Kommunal Landspensjonskasse, Oslo, also said Monday that it will freeze all investments in Russia.
KLP, which has 901.3 billion ($102.3 billion) Norwegian kroner in assets, will exclude 22 Russian companies and work to sell related investments that add up to just under 500 million kroner, it said in a statement.
KLP Investment Management Managing Director Havard Gulbrandsen said in the statement that KLP and its funds don’t exclude at the country level, however, there are extraordinary factors. Mr. Gulbrandsen is also CEO of KLP.
Mr. Gulbrandsen called it a due diligence-based exclusion, “because there is an unacceptable risk of complicity in violations of KLP’s guidelines through the companies’ activities.”
In addition to Russia violating Ukraine’s sovereignty, a KLP prohibition against a war of aggression was also a factor, the statement said. The companies excluded could be used directly or indirectly to support warfare in Ukraine, and “there is a high risk that the companies will be used to supply energy or material to the Russian military or otherwise finance the war,” Mr. Gulbrandsen said.
The Church of England is also selling its direct Russian holdings and banning any further investments by managers for the Church Commissioners for England £9.2 billion ($12.3 billion) endowment and the £3 billion Church of England Pensions Board fund.

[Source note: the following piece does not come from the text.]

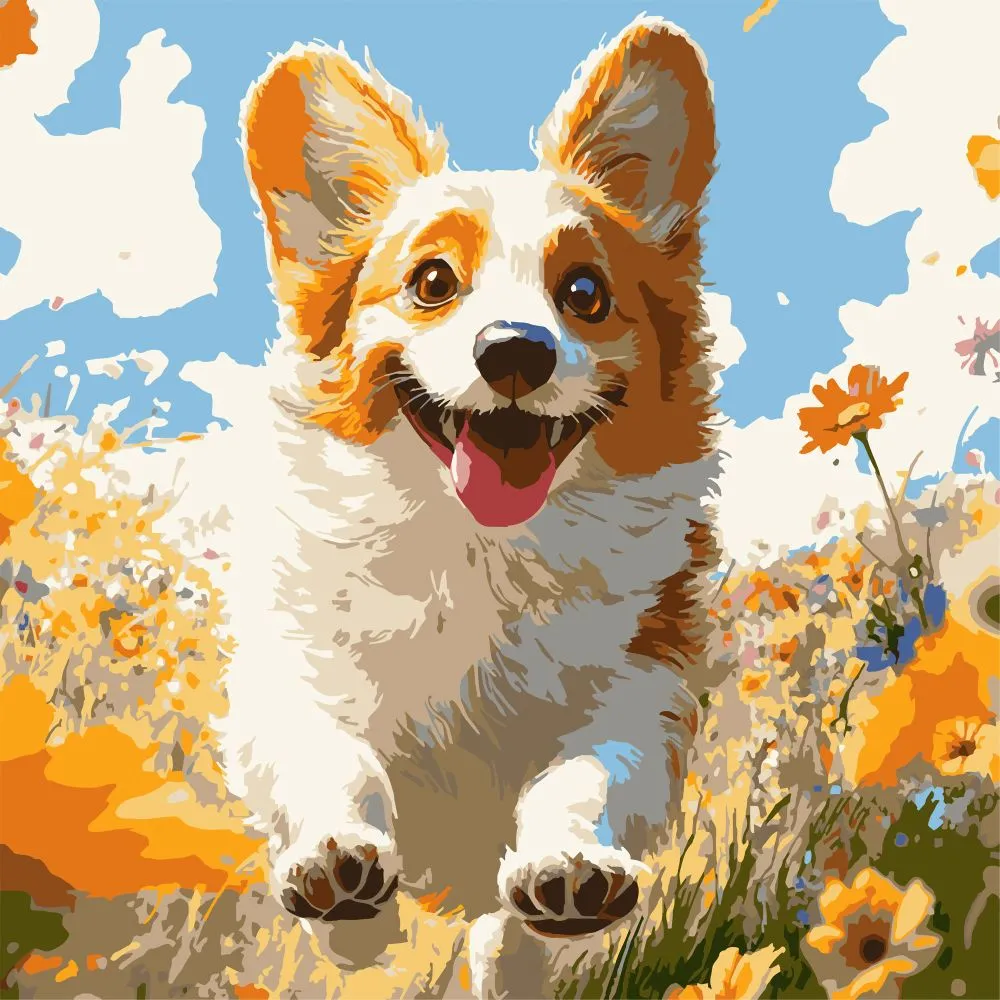 Картина за номерами Strateg Коргі в осені 30х30 (ES-0908)

Before the decision, the collective investments in Russian companies represented 0.16% of total assets, and there were no investments in Russian sovereign debt, a Church of England spokesperson said in an email.
In a joint statement on Saturday, officials in the U.S., European Commission, U.K., Canada, France, Germany and Italy said they were imposing sanctions on Russia’s central bank and remove other lenders from the Swift global financial messaging system used for international payments.